→ EXERCISE INSTRUCTIONS
Given the entries below, would you transcribe exactly the lines starting at the one with "Okraj je výrazně" and ending at the one with "奥にはウクライナデザイナー作", both kept, pictures omitted, nothing extra?

(LISTED ENTRIES begins)

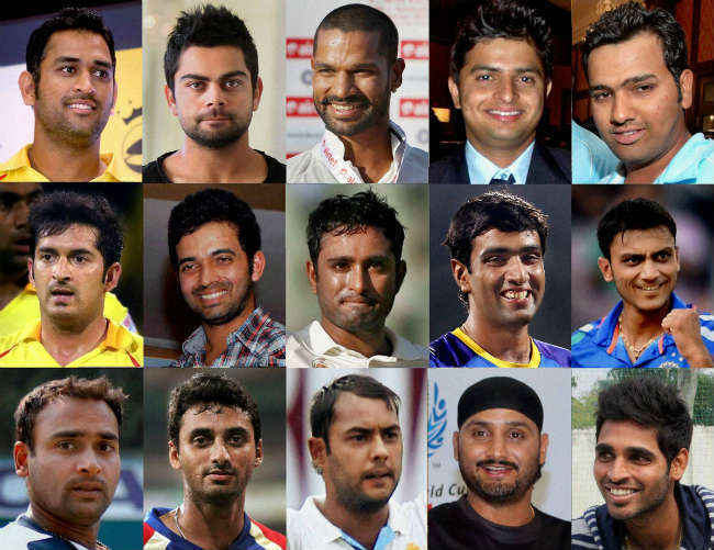 महेंद्र सिंह धौनी (कप्तान और विकेटकीपर), शिखर धवन, रोहित शर्मा, विराट कोहली, सुरेश रैना, अजिंक्य रहाणे, अंबाती रायुडु, स्टुअर्ट बिन्नी, आर अश्विन, अक्षर पटेल, गुरकीरत सिंह मान, भुवनेश्वर कुमार, मोहित शर्मा, अमित मिश्रा और उमेश यादव.
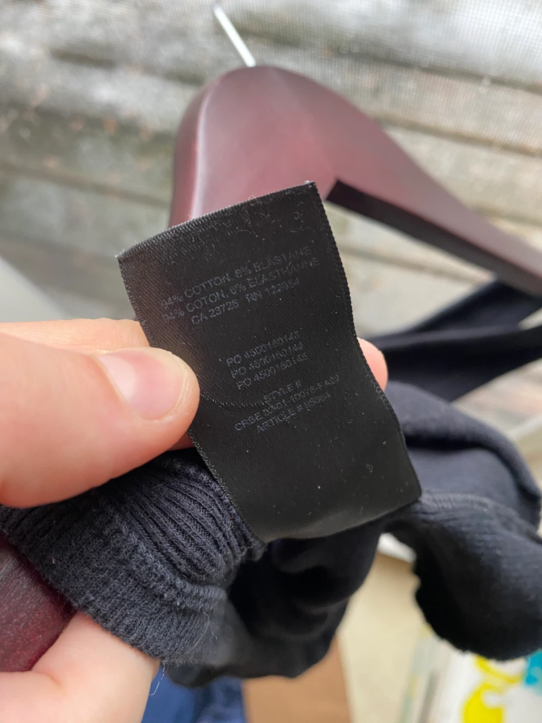 It's a size small and made of 94% cotton and 6% elastane. It's in great condition
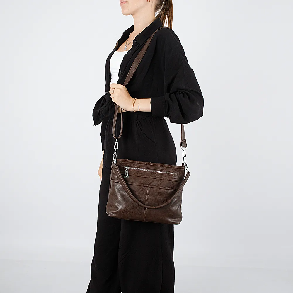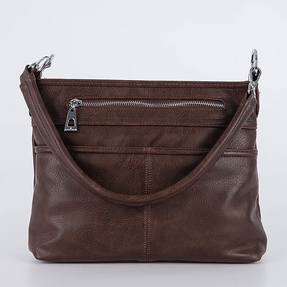 Сумка от торговой марки Passo Avanti выполнена из искусственной кожи белого цвета. Квадратная модель со съемной ручкой и съемным регулируемым плечевым ремнем. Отделение на молнии. Внутри: текстильная подкладка, средник и карман на молнии, накладной карман. На передней стороне – два кармана на молнии – прорезной и накладной. На задней – карман на молнии. Сумку можно носить через плечо.
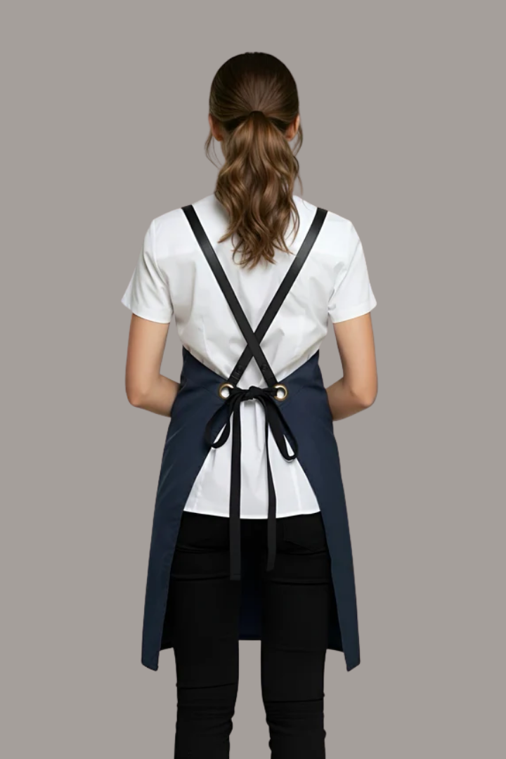 The crossover back design evenly distributes weight across the shoulders, reducing neck strain and allowing greater comfort throughout busy service hours. Its interchangeable strap system with brass eyelets allows you to customise the look of your apron while ensuring a secure fit.
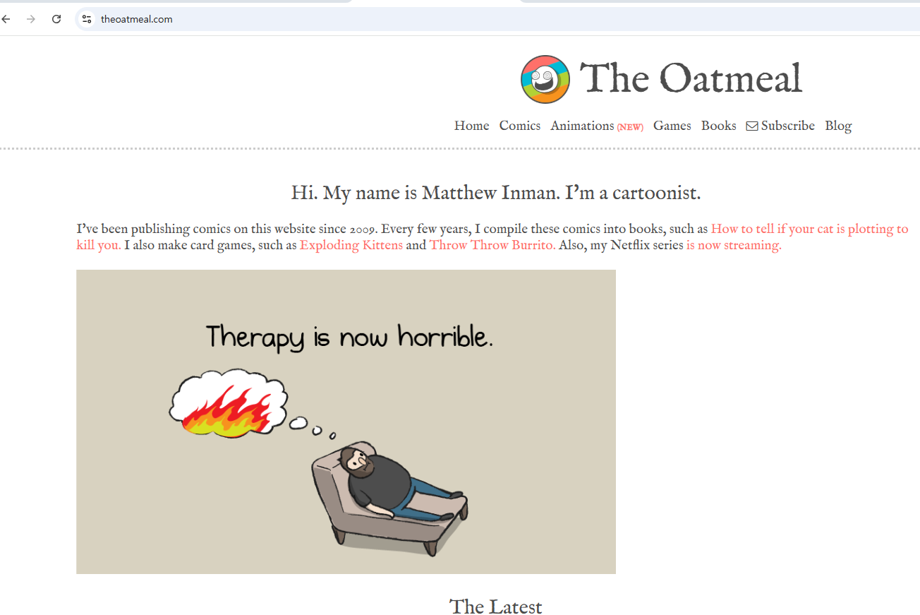The Oatmeal은 2009년 Matthew Inman에 의해 만들어진 웹사이트로, 그의 유머러스한 웹툰과 독창적인 글을 중심으로 운영됩니다. 사이트에는 일상, 인간관계, 동물(특히 고양이와 개), 그리고 인터넷 문화 등을 다룬 웹툰이 많으며, 그의 독특한 그림체와 솔직한 스토리텔링이 특징입니다. 특히 고양이에 관한 웹툰과 책들은 고양이 집사들에게 폭발적인 인기를 얻었고, 그의 작품은 수많은 언어로 번역되어 전 세계에서 사랑받고 있습니다.
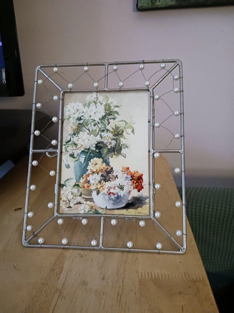 Uniquely beautiful see through photograph frame made of silver metal edging, wire and pearls. Would be perfect for a beautiful photo of a loved one!
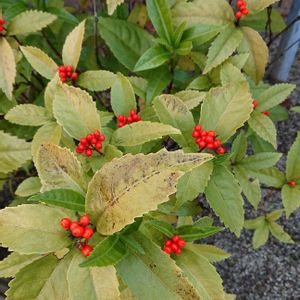 我が家の千両 赤は実の付きがいいけど 黄色は疎らで寂しい 株も赤が多いようです
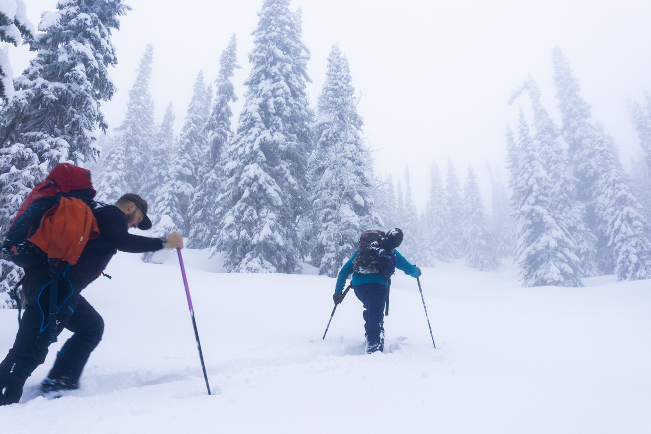 Всю ночь шел снег, и мы решили собрать лагерь и переместится в небольшую избушку – место, где нас на следующий день должен забрать снегоход, но перед этим пошли исследовать Подкозенок – небольшую покрытую лесом горку, ближайший склон к нашему лагерю. По картам и спутниковым снимкам все должно было быть легко и понятно, но южные склоны оказались сильно интереснее, чем представлялось из дома – достаточный уклон, очень много рельефа, к концу спуска тоже все собирается в ручьи и небольшие ущелья, но есть опасность выехать на скальный сброс или ледопад, учитывая удаленность от цивилизации, никто особо не рисковал и выбирали более спокойные линии, но даже этого хватило для веселья. Внизу снег уже был сильно мокрым, если на высоте еще были зимние кондиции, то здесь уже была весна в самом разгаре.
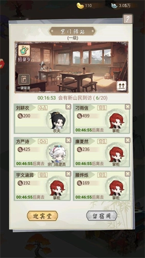 点击宗门驿站能够招募不同属性的弟子,不过招募后需要为弟子选择居所,他们才能正式加入宗门。
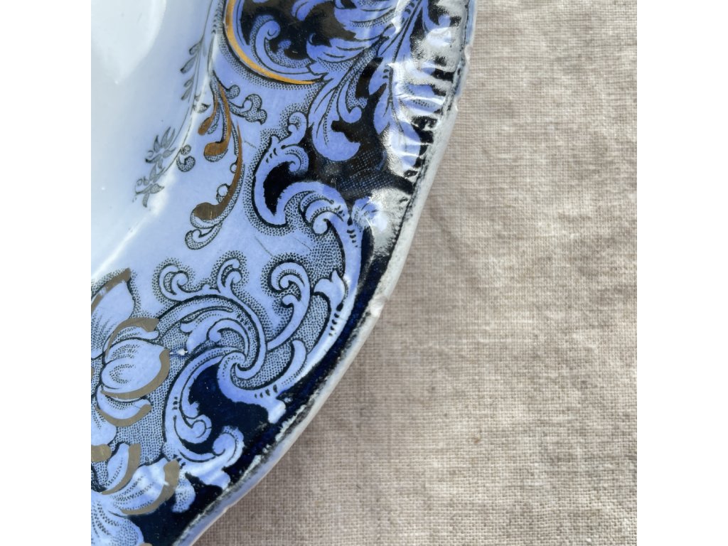 Okraj je výrazně zvlněný a po celém obvodu nese hustý ornamentální dekor v kombinaci tmavě modré, světlejší modrošedé a zlaté barvy.
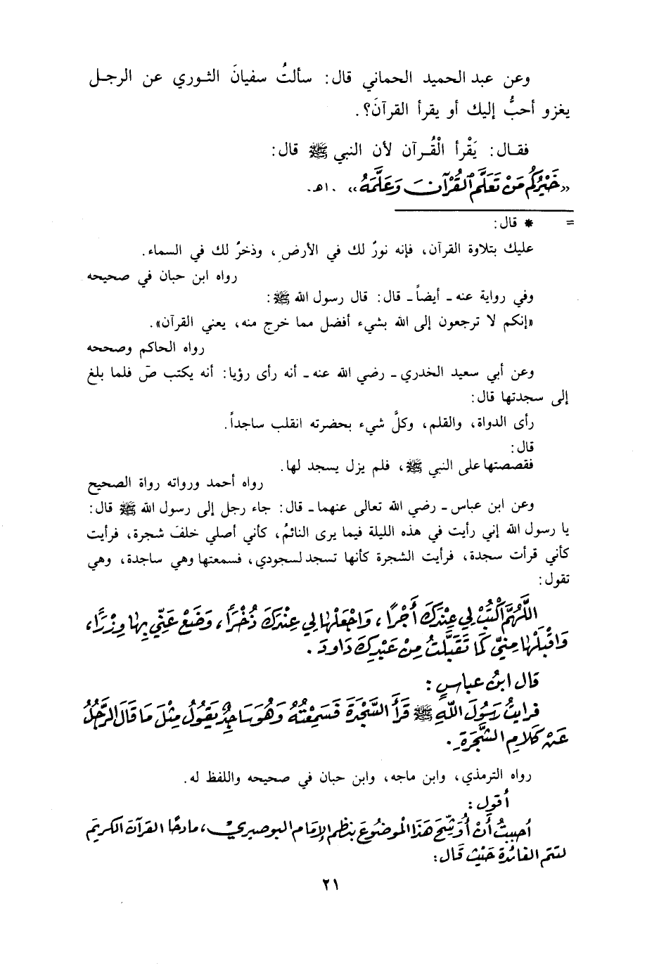 وعن الحميدي الجمالي قال سألت سفيان الثوري عن الرجل يغزو أحب إليك أو يقرأ القرآن فقال يقرأ القرآن لأن النبي صلى الله عليه وسلم: قال خيركم من تعلم القرآن وعلمه
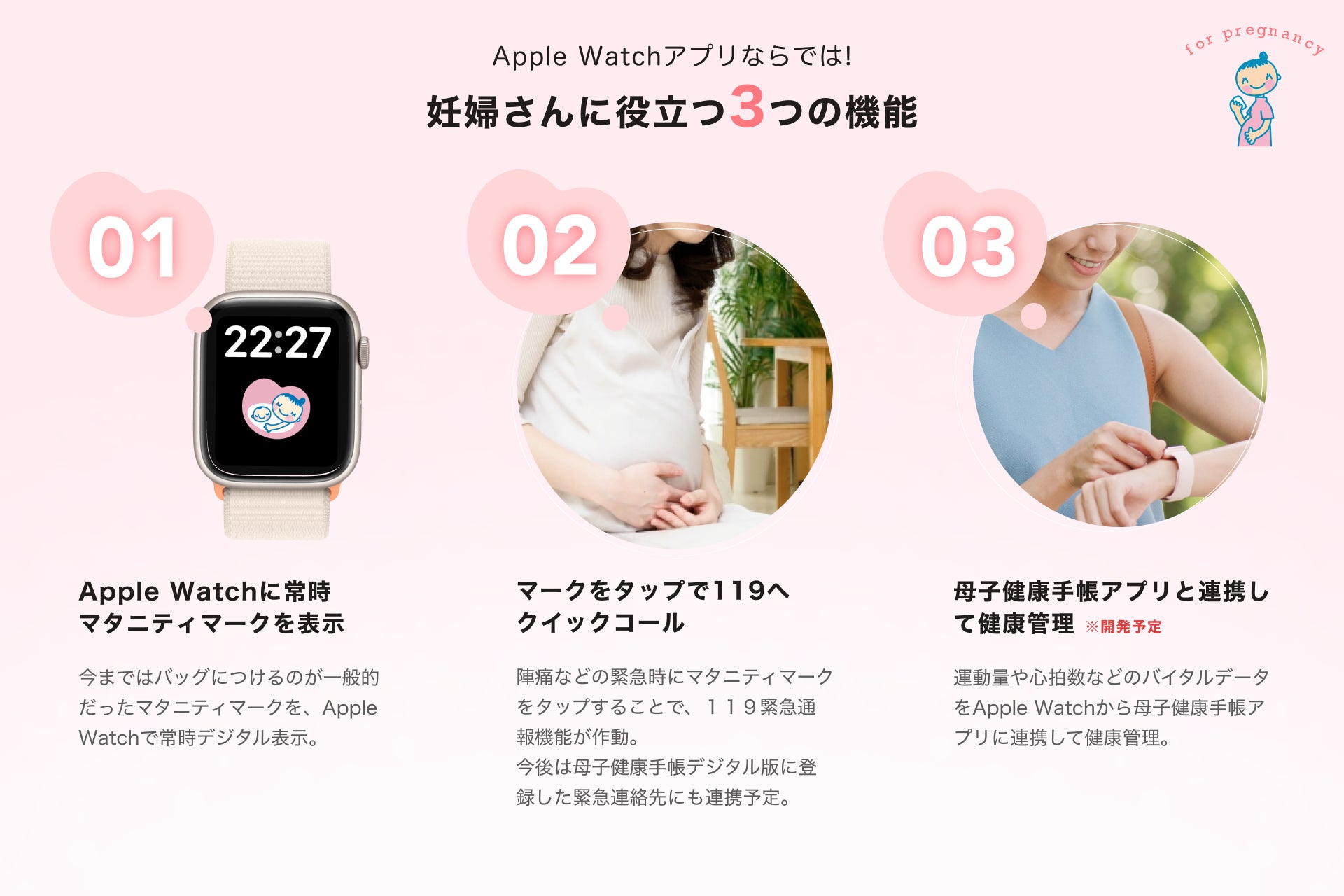 Apple Watchの画面に表示されるデジタルマタニティマークは、デザイン性にも優れており、妊婦のファッションや日常生活に自然に溶け込み、よりスマートなライフスタイルを実現できます。
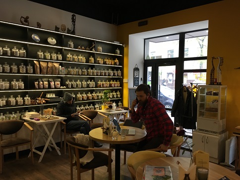 奥にはウクライナデザイナー作と思われる、おしゃれな洋服を売るショップゾーンもあります。友達とちょっとお茶、とかおしゃべり、とかを目的とした場合に良さそうです。
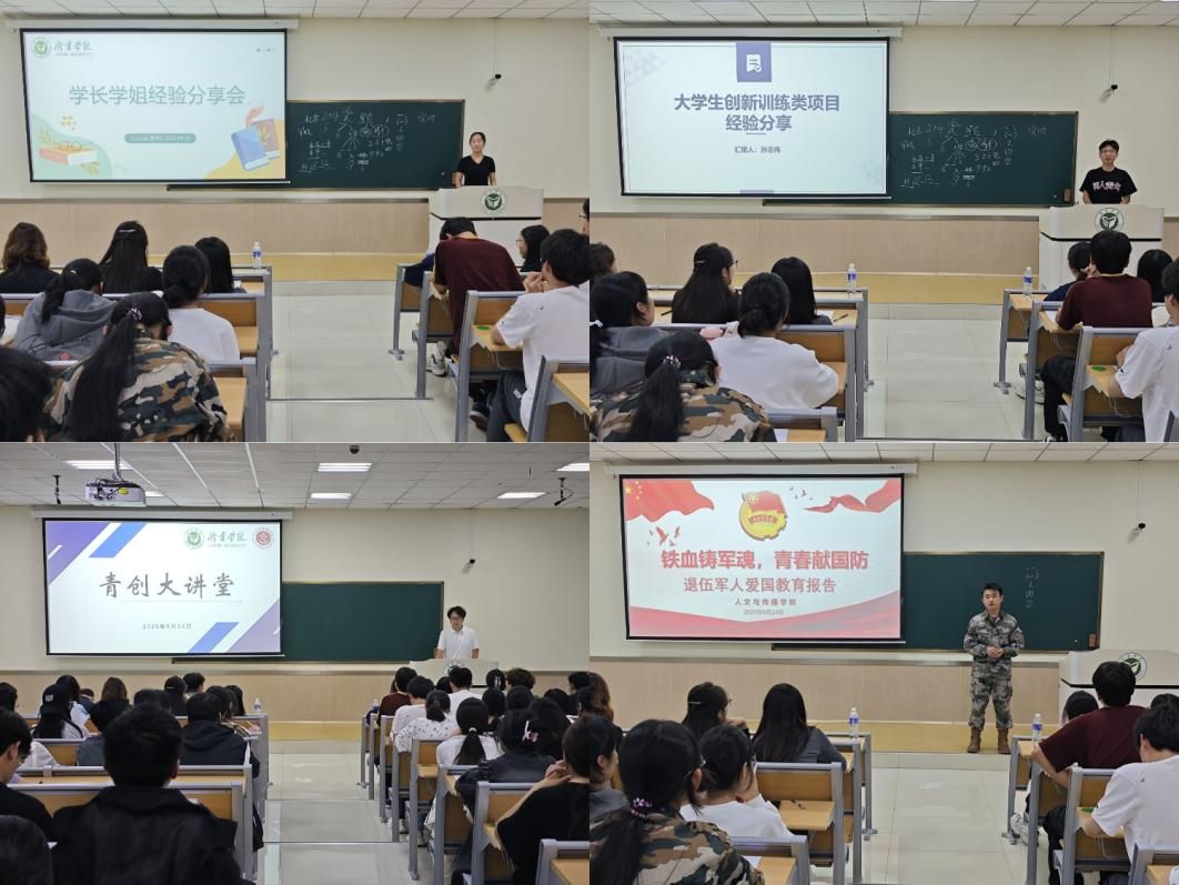 在学长学姐经验分享会上,学院以榜样引领与创新赋能为主题,邀请了四位高年级学长作经验分享。国家奖学金获得者王若霖从专业学习、科研竞赛、团队协作三方面,分享“学业进阶”方法论;退役大学生刘雨森以自身军旅经历为切入点,讲解了我国大学生征兵入伍的政策,激发了新生参军入伍和保家卫国的情怀。大学生创新创业项目国家级和省级项目负责人张昊、孙志伟分别系统讲解创新创业项目的申报全流程与选题策略,指出“专业所长+社会需求+个人兴趣”的融合创新之道。通过学长学姐的经验分享,新生深化了对大学专业学习、学科和创新竞赛、征兵入伍等认识,有利于新生尽快适应大学生活找到成长方向。
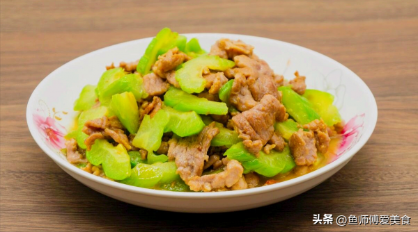 3.放入苦瓜,爆炒2分钟,加少许食盐、味精,炒匀即可出锅。
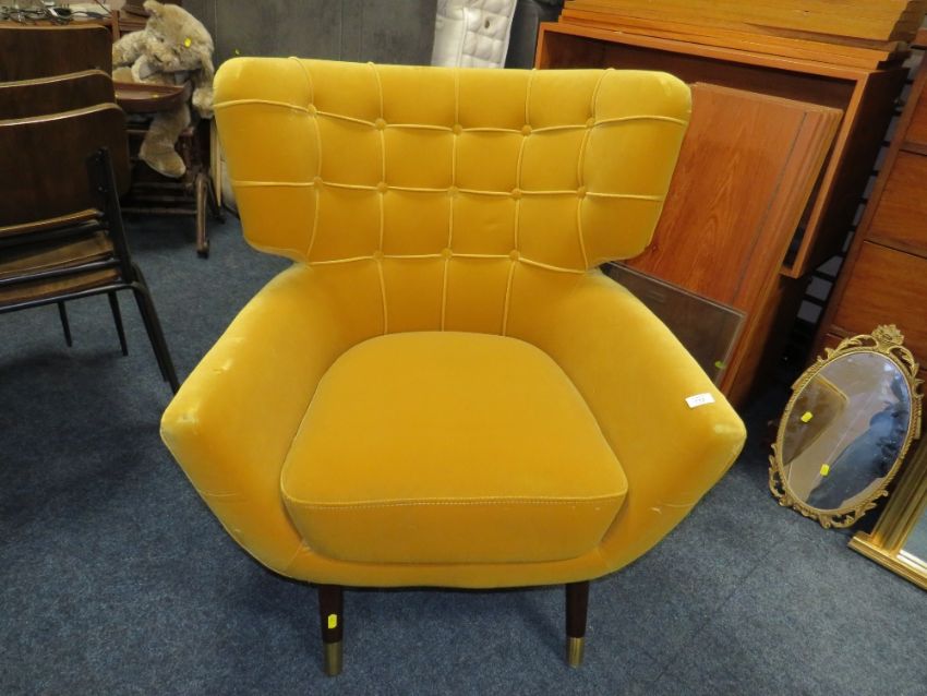 A MODERN MUSTARD UPHOLSTERED ARMCHAIR - S/D
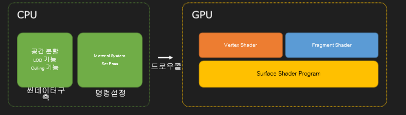 • 셰이더 프로그래밍도 두 단계로 나눈다. ( 서피스 셰이더 / 일반 )
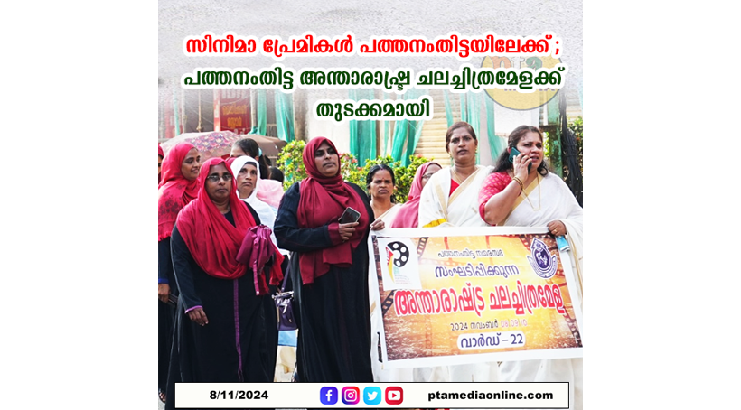 പത്തനംതിട്ട: നഗരസഭ സംഘടിപ്പിക്കുന്ന പ്രഥമ അന്താരാഷ്ര്ട ചലച്ചിത്രോത്സവത്തിന് തുടക്കമായി. ചലച്ചിത്ര അക്കാദമിയുടെ സഹകരണത്തോടെ നടക്കുന്ന മേളയ്ക്ക് പത്തനംതിട്ട ലൂമിയർ ലീഗ് ഫിലിം സൊസൈറ്റിയാണ് ഏകോപനം നിർവഹിക്കുന്നത്. ഉദ്ഘാടന സമ്മേളനം ഇന്ന് വൈകിട്ട് 4.30 ന് ഐശ്വര്യ തീയേറ്ററിൽ നടക്കും. വിഖ്യാത ചലച്ചിത്രകാരൻ ഷാജി.എൻ. കരുൺ ഉദ്ഘാടനം ചെയ്യും. സംഘാടകസമിതി ചെയർമാൻ അഡ്വ. ടി. സക്കീർ ഹുസൈൻ അദ്ധ്യക്ഷത വഹിക്കും. മന്ത്രി വീണാ ജോർജ് ഫെസ്റ്റിവൽ ബുക്ക് പ്രകാശനം ചെയ്യും. സംവിധായകൻ കവിയൂർ ശിവപ്രസാദ് മുഖ്യാതിഥിയായിരിക്കും. ഫെസ്റ്റിവൽ ലോഗോ രൂപകൽപ്പനയ്ക്കുള്ള സമ്മാനം ആന്റോ ആന്റണി എം.പി വിതരണം ചെയ്യും. തുടർന്ന് മൂന്ന് ദേശീയ അവാർഡുകൾ നേടിയ ആനന്ദ് ഏകർഷിയുടെ ആട്ടം പ്രദർശിപ്പിക്കും.മലയാളം, ഇന്ത്യൻ, ലോകം എന്നീ മൂന്ന് വിഭാഗങ്ങളിലായി 28 സിനിമകൾ പ്രദർശിപ്പിക്കും. ട്രിനിറ്റി മൂവി മാക്സ് സ്ക്രീൻ 2,3, രമ്യ എന്നീ തീയറ്ററുകളും ടൗൺഹാളുമാണ് പ്രദർശന വേദികൾ.

(LISTED ENTRIES ends)

→ RESPONSE FOR THIS EXERCISE
 Okraj je výrazně zvlněný a po celém obvodu nese hustý ornamentální dekor v kombinaci tmavě modré, světlejší modrošedé a zlaté barvy.
 وعن الحميدي الجمالي قال سألت سفيان الثوري عن الرجل يغزو أحب إليك أو يقرأ القرآن فقال يقرأ القرآن لأن النبي صلى الله عليه وسلم: قال خيركم من تعلم القرآن وعلمه
 Apple Watchの画面に表示されるデジタルマタニティマークは、デザイン性にも優れており、妊婦のファッションや日常生活に自然に溶け込み、よりスマートなライフスタイルを実現できます。
 奥にはウクライナデザイナー作と思われる、おしゃれな洋服を売るショップゾーンもあります。友達とちょっとお茶、とかおしゃべり、とかを目的とした場合に良さそうです。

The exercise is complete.